John Linton .....as boringly tough.
It's actually sunny in Sydney this morning which is always a plus - something you don't realise when you have an extended period of cloudy and rainy mornings - hopefully that change in weather will set the 'tone' for the week. I have a fairly crowded schedule over the next five days with a series of meetings scheduled 'outside' the company as well as a continuation of the internal meetings addressing current issues on top of the work that needs to be done on the FY2012 business plan. I can still remember the days, not long ago at all, when a meeting was an unusual event within Exetel.

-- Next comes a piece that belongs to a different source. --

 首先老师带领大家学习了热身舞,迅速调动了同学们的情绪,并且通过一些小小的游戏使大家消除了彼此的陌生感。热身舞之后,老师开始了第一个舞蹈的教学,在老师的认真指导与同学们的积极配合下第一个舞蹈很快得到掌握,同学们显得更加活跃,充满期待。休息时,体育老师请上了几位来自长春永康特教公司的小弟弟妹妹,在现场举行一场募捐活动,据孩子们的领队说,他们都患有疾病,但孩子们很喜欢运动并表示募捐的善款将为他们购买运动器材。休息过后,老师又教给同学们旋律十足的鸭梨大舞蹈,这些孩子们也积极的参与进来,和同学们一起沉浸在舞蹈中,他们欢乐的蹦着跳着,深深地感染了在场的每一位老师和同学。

It seems to me that the different pressures (Telstra win back programs, 'NBN2' uncertainties, various competitor's and supplier's reactions to the first two points) under which the markets have been operating over the last two years or so are producing a 'dullness' that is influencing working days equivalent to the long rainy period that Sydney has suffered from recently. It's obvious a personal view as it's only based on what I read in the media and what I hear and read in my personal correspondence. I had a series of email and telephone exchanges over the weekend with two people I know at least well enough for them to have my email address or personal phone number. Each of these 'correspondents' addressed very different users but they both had the same theme - doing something completely different to what they were currently doing as their current working days were providing no real interest to them.

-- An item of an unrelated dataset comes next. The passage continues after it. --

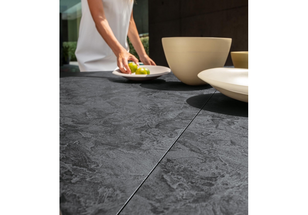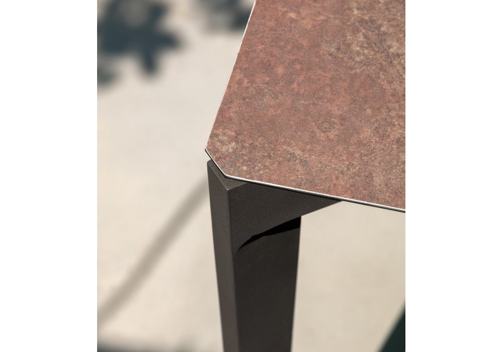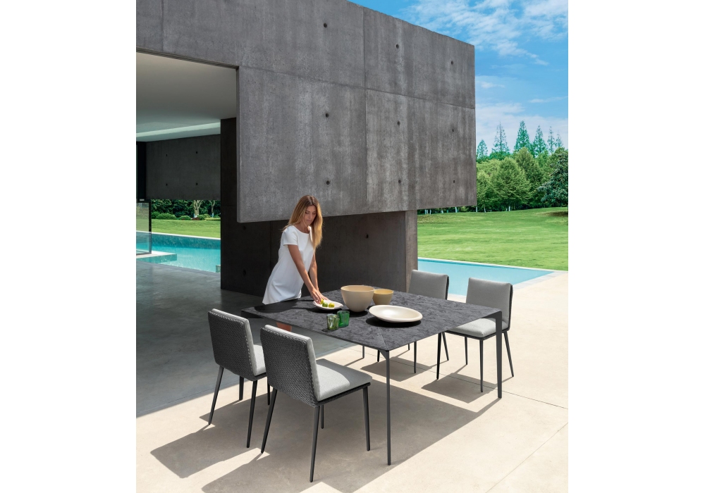 Leaf diseñada por Marco Acerbis para Talenti es una colección de mesas para exterior con base de aluminio y sobre en vitter disponible en varios colores.

When I listened to what they were saying I agreed that it was a period in the industry when, for long term people the combination of the 'NBN2' and a saturated ADSL market had produced days of 'sameness' for a long period of time now and much of the constant change the industry has generated for the past 20 - 30 years is very definitely missing with a huge amount of mental and physical energy going into maintaining current customer bases and market positions by the majority of companies in the Australian communications markets. While we all agreed the current situation would change within the next two years we tended to indulge ourselves about how we missed the 'old days'. I suppose all that shows is that each of us is not well equipped to deal with static technologies and markets.

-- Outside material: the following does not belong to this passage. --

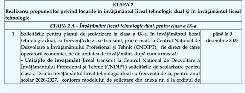 – „Unitățile de învățământ liceal transmit la Centrul Naţional de Dezvoltare a Învăţământului Profesional şi Tehnic (CNDIPT) solicitările de școlarizare pentru clasa a IX-a în învățământul liceal tehnologic dual cu frecvență de zi, pentru anul școlar 2026-2027, conform modelului de solicitare din anexa nr. 6 la ordinul de aprobare a prezentului calendar.

However it is a fair point that today's markets, apart from being very tough, are also, perhaps for the majority of suppliers, very boring - at least in superficial terms. It isn't exciting or even very satisfying to operate in marketplaces that have apparently lost any interest in innovation and are based solidly from the customer end on price reduction and from the supplier end on customer retention leading to the inevitability of lower margins and supplier failures. Unthinking customers, in any industry and in any marketplaces, tend to drive out innovation or even acceptable service as providers and choice reduces......and perhaps that is as it should be (banks, insurance, oil, minerals, political parties all being pertinent examples of how buyers reap as they sow). In most markets there is no need for a diversity of providers - the base product (money, oil, coal etc) needing no innovation or development to 'improve' them....they are based on immutable objects that a 'silicone valley' cannot invent improvements to.
So my conclusion was that little can be done in today's residential markets to improve customer service or service while there is so much uncertainty constraining the 30 years of innovation and change some of us have become used to. If by some miracle there ever is an 'NBN2' in this country then the people who made such a thing possible will see why you need silicon valleys to move an industry forward rather than the dead hand of government. But the current 'NBN2' decisions have been made by a worthless egotist and then allowed to continue by people who have less than zero experience or knowledge of how and why communications technologies, and their delivery, have been optimally achieved over the past 1,000 years. If they had they would know that, not once in a millenium, has any government made any contributions to progress except negative ones.